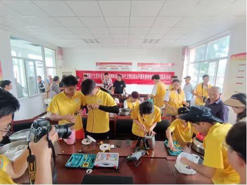 7月12日,土右旗新时代文明实践中心组织永利yl23411官网和内蒙古农业大学机电工程学院学生组成的志愿服务队深入双龙镇柳树淖村开展暑期大学生“三下乡”志愿服务活动,为柳树淖村村民进行免费维修家电。
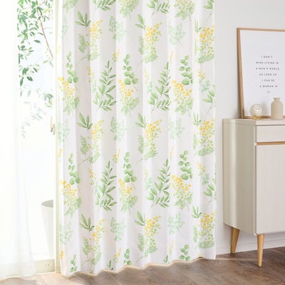 水彩タッチのリーフ柄に癒される完全1級遮光カーテン
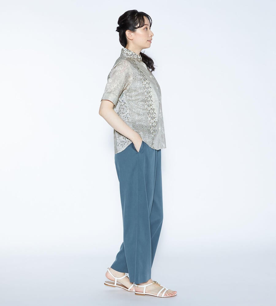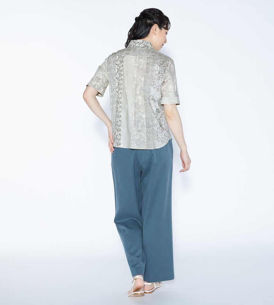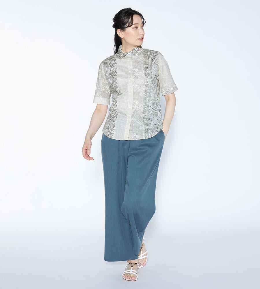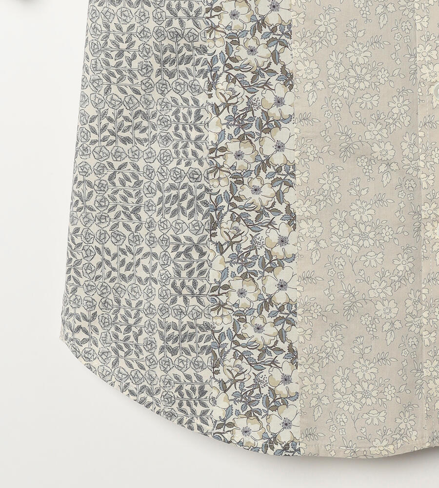 ノスタルジックな趣きのあるリバティプリントを、縦のラインを強調するようにパッチワークで繋げたブラウス。清楚でクラシカルなプリントで、着こなしに品位を加える1点です。身体に沿うすっきりとしたシルエットで、好印象を誘うスタイリングを演出。シックなボトムスを合わせると、大人らしい落着きのある装いが完成します。
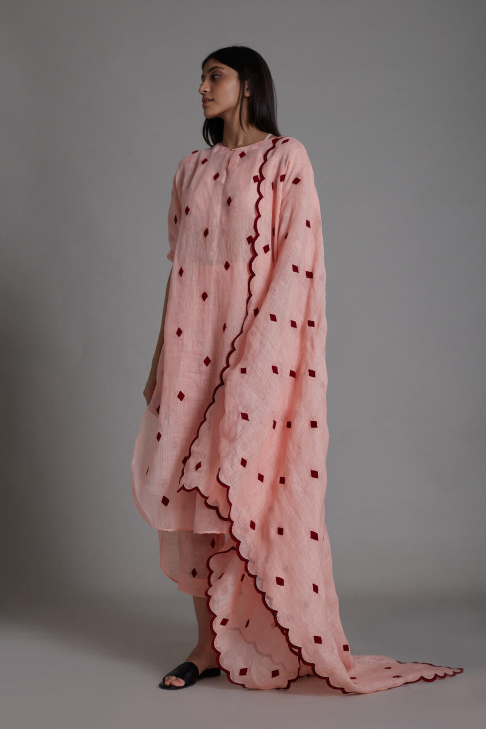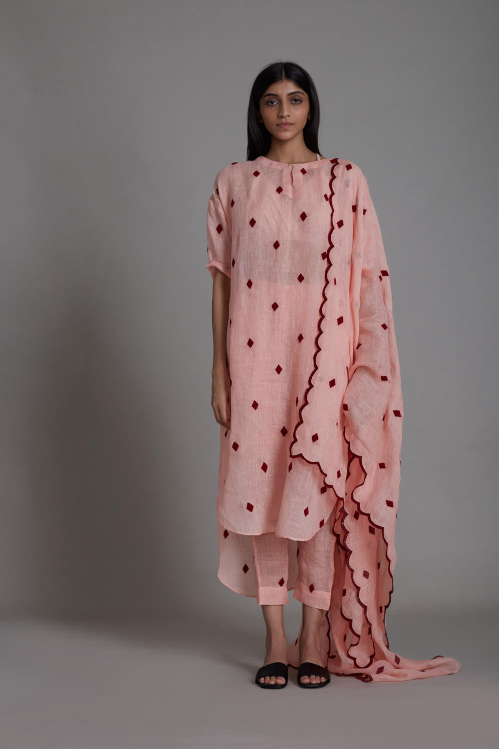 This beautiful set is all that you need for daytime festivities. The pure linen all-over embroidered apple cut set with detailing on the kurta and scallop embroidery on the stole brings elegance and class to the outfit. Pair this set with statement earrings and potli bag to complete the look.(SET OF 3, TUNIC, STOLE and PANTS, handwoven cotton bralette inner comes with the set)
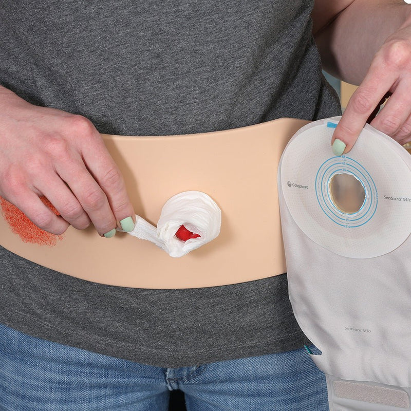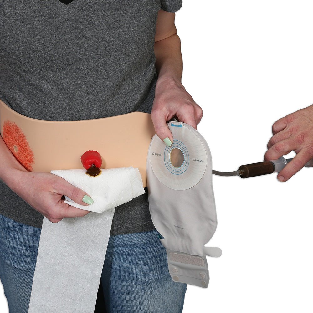 With the Ostomy Pouching Trainer™, each of these stomas can have simulated stool or urine output and can be placed in four different locations:
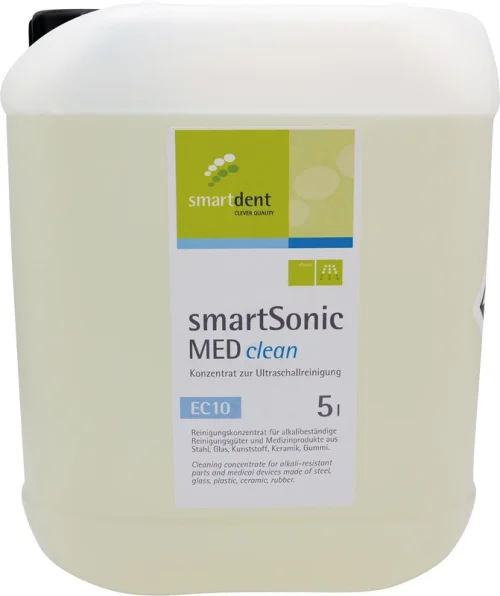 smartSonic MED clean EC 10 er et flytende, alkalisk universalrengjøringskonsentrat for grundig ultralyd- og dyprengjøring av alkalibestandige rengjøringsprodukter og medisinske produkter som f.eks. laboratorie-, medisinske, tannlege- og tanntekniske instrumenter, kroner, avtrykksskjeer m.m. av rustfritt stål, stål, keramikk, glass, plast og gummi. smartSonic MED clean EC 10 fjerner blod, spytt, proteiner, vevs- og beinrester samt fett, oljer, slipemidler og poleringspasta. Ikke egnet for aluminium, sink eller lettmetall-legeringer samt alkalifølsomme og spenningsrissutsatte plasttyper som f.eks. ABS og PC.
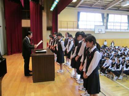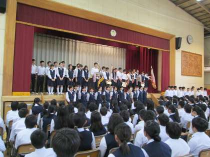 見事2連覇を達成した陸上大会と、新人大会で活躍したバドミントン部の表彰です。優勝旗が3本並ぶと壮観です。バドミントン部は区大会団体戦3位に入賞し、これからブロック大会に臨みます。
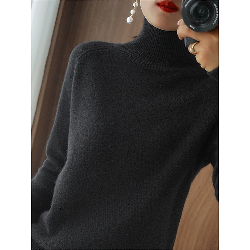 More information about Women's Pullover Sweater Jumper Fashion Streetwear Casual Solid Color Ribbed Stand Collar Knitted Long Sleeve Regular Tops Knit Outdoor Daily Holiday Black White Fall Winter
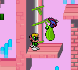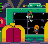 One of its most striking aspects (at least compared to its predecessor) is how much the game omits. Platforming aside, there also isn’t a lot to say about Tempo Jr. There are two mini-games (Simon Says and a strongman game), but that’s about it. The Game Gear just wasn’t as powerful as the 32X, and even late in its life, Tempo’s repeat appearance on the Major Minor Show couldn’t accommodate everything from his first. Some of the features from the first game that are missing here are dancing as a gameplay mechanic, Katy as a power-up (Tempo still dances with her after each boss fight, though), power-ups overall and different endings based on your score.

DIRECTIONS:
Print all of the material exactly. Omit pictures.

EXPECTED ANSWER:
 7月12日,土右旗新时代文明实践中心组织永利yl23411官网和内蒙古农业大学机电工程学院学生组成的志愿服务队深入双龙镇柳树淖村开展暑期大学生“三下乡”志愿服务活动,为柳树淖村村民进行免费维修家电。
 水彩タッチのリーフ柄に癒される完全1級遮光カーテン
 ノスタルジックな趣きのあるリバティプリントを、縦のラインを強調するようにパッチワークで繋げたブラウス。清楚でクラシカルなプリントで、着こなしに品位を加える1点です。身体に沿うすっきりとしたシルエットで、好印象を誘うスタイリングを演出。シックなボトムスを合わせると、大人らしい落着きのある装いが完成します。
 This beautiful set is all that you need for daytime festivities. The pure linen all-over embroidered apple cut set with detailing on the kurta and scallop embroidery on the stole brings elegance and class to the outfit. Pair this set with statement earrings and potli bag to complete the look.(SET OF 3, TUNIC, STOLE and PANTS, handwoven cotton bralette inner comes with the set)
 With the Ostomy Pouching Trainer™, each of these stomas can have simulated stool or urine output and can be placed in four different locations:
 smartSonic MED clean EC 10 er et flytende, alkalisk universalrengjøringskonsentrat for grundig ultralyd- og dyprengjøring av alkalibestandige rengjøringsprodukter og medisinske produkter som f.eks. laboratorie-, medisinske, tannlege- og tanntekniske instrumenter, kroner, avtrykksskjeer m.m. av rustfritt stål, stål, keramikk, glass, plast og gummi. smartSonic MED clean EC 10 fjerner blod, spytt, proteiner, vevs- og beinrester samt fett, oljer, slipemidler og poleringspasta. Ikke egnet for aluminium, sink eller lettmetall-legeringer samt alkalifølsomme og spenningsrissutsatte plasttyper som f.eks. ABS og PC.
 見事2連覇を達成した陸上大会と、新人大会で活躍したバドミントン部の表彰です。優勝旗が3本並ぶと壮観です。バドミントン部は区大会団体戦3位に入賞し、これからブロック大会に臨みます。
 More information about Women's Pullover Sweater Jumper Fashion Streetwear Casual Solid Color Ribbed Stand Collar Knitted Long Sleeve Regular Tops Knit Outdoor Daily Holiday Black White Fall Winter
 One of its most striking aspects (at least compared to its predecessor) is how much the game omits. Platforming aside, there also isn’t a lot to say about Tempo Jr. There are two mini-games (Simon Says and a strongman game), but that’s about it. The Game Gear just wasn’t as powerful as the 32X, and even late in its life, Tempo’s repeat appearance on the Major Minor Show couldn’t accommodate everything from his first. Some of the features from the first game that are missing here are dancing as a gameplay mechanic, Katy as a power-up (Tempo still dances with her after each boss fight, though), power-ups overall and different endings based on your score.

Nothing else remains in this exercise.